- Classification: Protestant
- Orientation: United Church (Calvinist and Methodist)
- Polity: Presbyterian
- Associations: World Council of Churches, World Communion of Reformed Churches and World Methodist Council
- Region: Zambia
- Origin: 1965
- Merger of: Missions of the Church of Scotland, the Methodist Missionary Society and the London Missionary Society
- Congregations: 1060 (2006)
- Members: 4,000,000 (2024)
- Official website: uczsynod.org

= United Church in Zambia =

United Protestant denomination

The United Church of Zambia (UCZ) is a United Protestant denomination in Zambia, founded in 1967 as a merger of several denominations resulting from missions of the Church of Scotland, the Methodist Missionary Society, and the London Missionary Society.

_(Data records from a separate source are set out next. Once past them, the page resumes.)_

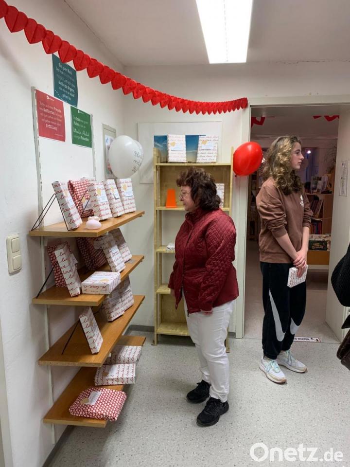Das Büchereiteam hatte viele Bücher für Erwachsene und Jugendliche in herzige Tüten eingepackt und mit nur wenigen Stichpunkten versehen. Es war nur zu erkennen, ob es ein Jugend- oder Erwachsenenbuch war, ein Krimi oder etwas fürs Herz. Die Leser konnten weder Titel noch Autor erkennen, freuten sich aber auf die Überraschungen. Jeder mutige Leser wurde mit einer kostenlosen Ausleihe belohnt.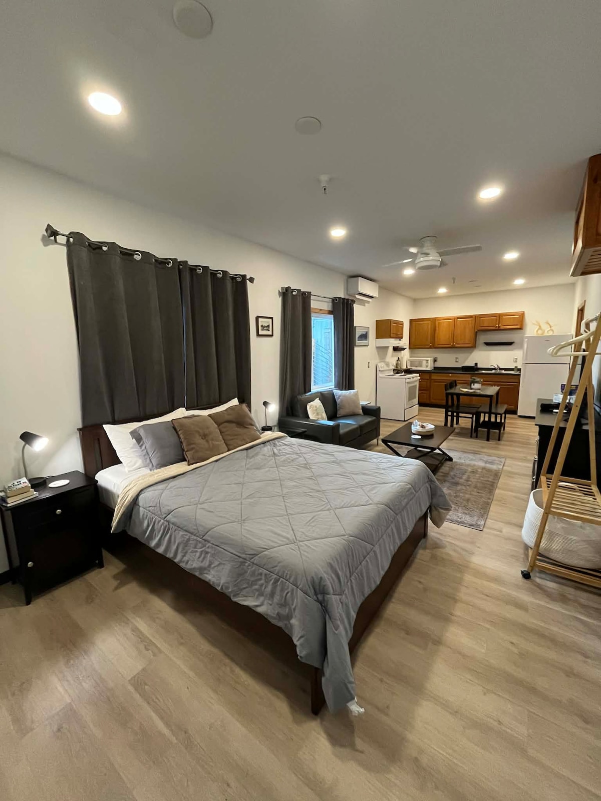 Acogedor apartamento ubicado en la parte superior de una casa de tres pisos en el corazón del centro de Sitka. Tiene dos dormitorios, cada uno con una cama tamaño queen y dos cómodos sofás de cuero (un sofá de dos plazas y otro de tamaño completo). La cocina es una cocina pequeña, por lo que no hay fogones, pero viene equipada con microondas, placa eléctrica, cafetera y tetera. Nuestro piso está justo debajo y no está separado por una puerta, pero tienes total privacidad. Tenemos dos perros y un patio trasero lleno de gallinas, pero ningún animal entra en el alquiler.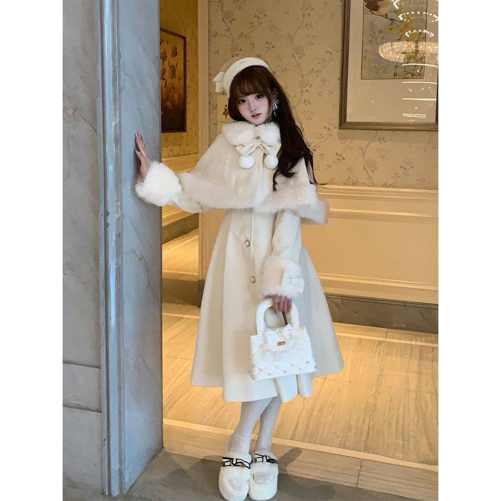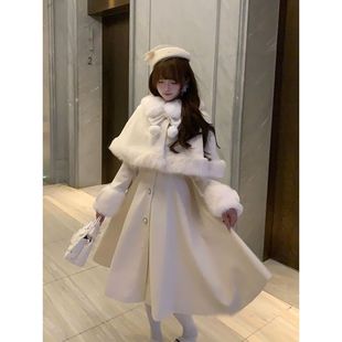 毛呢外套裙两件套 小个子可爱甜妹保暖蝴蝶结斗篷 星野蜜语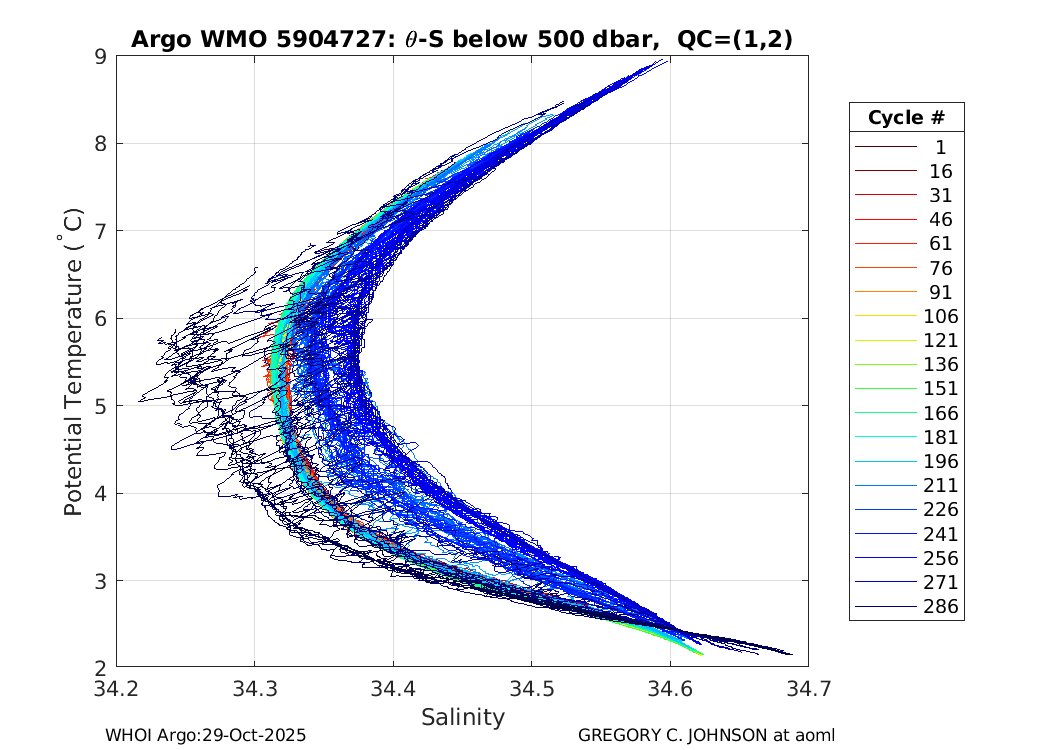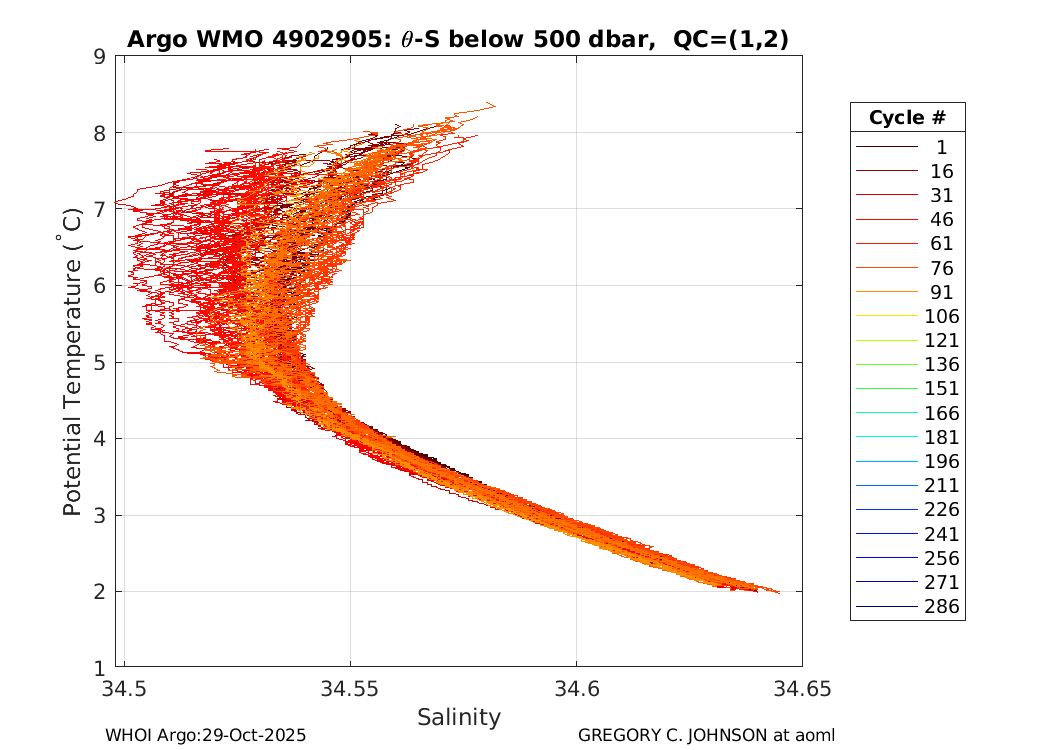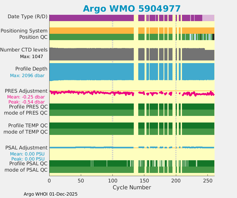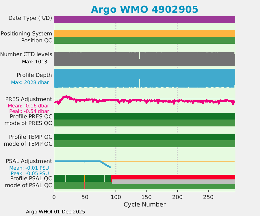 | WMO: #4902905 DAC: aoml PI: GREGORY C. JOHNSON NAVIS_A: #730 SBE41CP: #8709 DRUCK_2900PSIA: #10300789 Altimeter Comparison (IFREMER) EuroArgo Link | ![]() |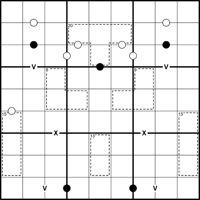• Digits in cells separated by a "V" must sum to 5, digits in cells separated by an "X" must sum to ten - not all X's and V's are shown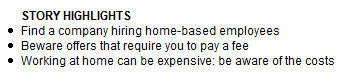 CNN has this article about companies that hire home-based workers. With quality of life becoming an increasingly paramount factor in people's lives more companies more companies allowing for employees to work from home. The story states that:
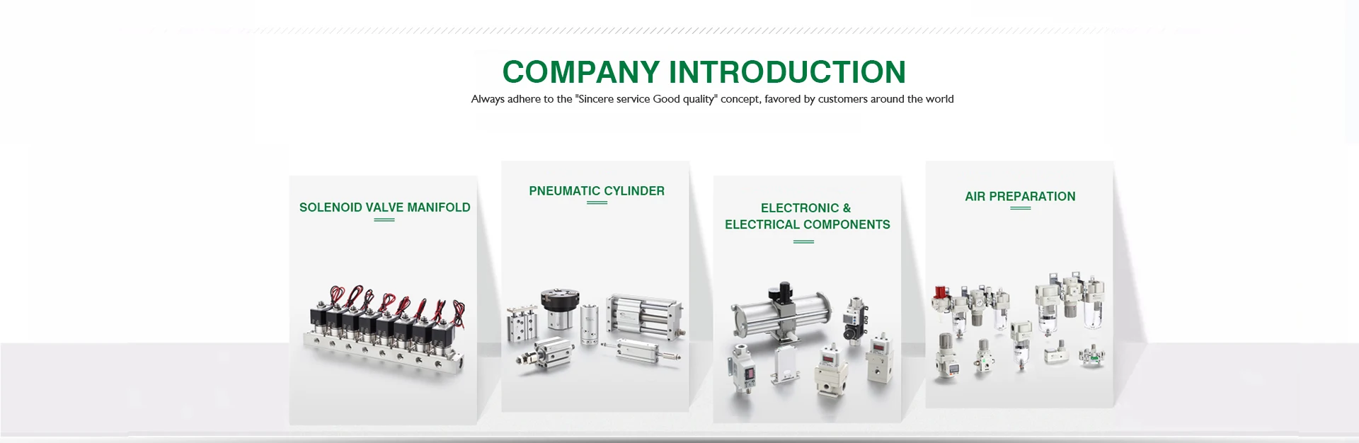 Sản Phẩm chính: Xi lanh khí nén, van điện từ, bộ lọc bôi trơn và điều chỉnh, lắp khí nén, ống khí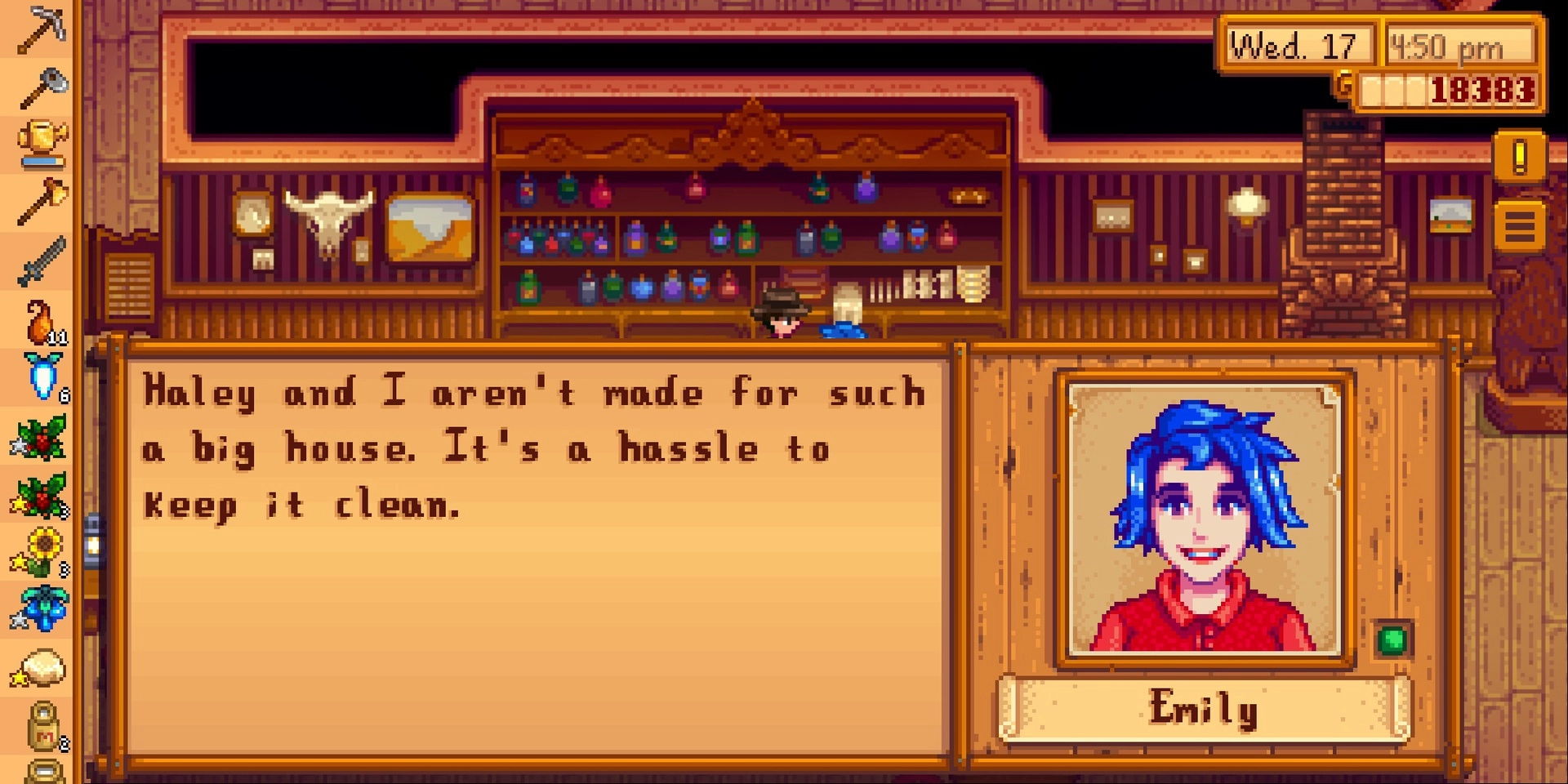 Stardew Valley의 Emily는 파란 머리의 Haley 자매입니다. 그녀는 Stardrop Saloon에서 아르바이트를 하지만 그녀의 진정한 열정은 자신의 옷, 보석, 명상을 만드는 것입니다.

The United Church of Zambia is the largest Protestant denomination in the country and the second largest Christian denomination, after the Roman Catholic Church.

== History ==

The United Church of Zambia owes its beginnings to the work of the London Missionary Society, the Church of Scotland Mission, the Copper Belt Union Church, and the Copper Belt Free Churches.

In the Central African Copper Belt, mining began in the early 1920s. Christians from various areas went to work in the mining towns, and interdenominational worship began in African and European settlements. Aided by existing cooperation in education and welfare, the Church of Scotland, the Methodist Missionary Society, and the London Missionary Society joined together in African areas to form the Copper Belt Union Church (CBUC).

Shortly thereafter, congregations from European areas united as the Free Churches of the Copper Belt (FRCB). In 1945, the CBUC and FCCB united to form the Central African Church in Rhodesia (CACR). In 1958, the Act of Union took place.

In 1965, the IACR joined with the Methodist Church and the Church of Barotseland to form the current United Church of Zambia.

In 2004, it was estimated that the denomination had 1060 churches and 3 million members.

In 2024, it was reported that the denomination had 4 million members, em 10 presbyterys.

In 2020, according to research by Afrobarometer, it was reported that 13% of Zambia's population identified as members of the United Church of Zambia. This corresponded to approximately 2,477,721 people that year. 14.8% of the population described themselves as "Christian" without specifying the denomination.

== Doctrine ==

The denomination subscribes to the Apostles' Creed and the Nicene Creed.

The denomination has undergone Strong influence of Pentecostalism since the 1990s and allows the ordination of women.

== Ecumenical relations ==

The UCZ is member of World Council of Churches, World Communion of Reformed Churches and World Methodist Council.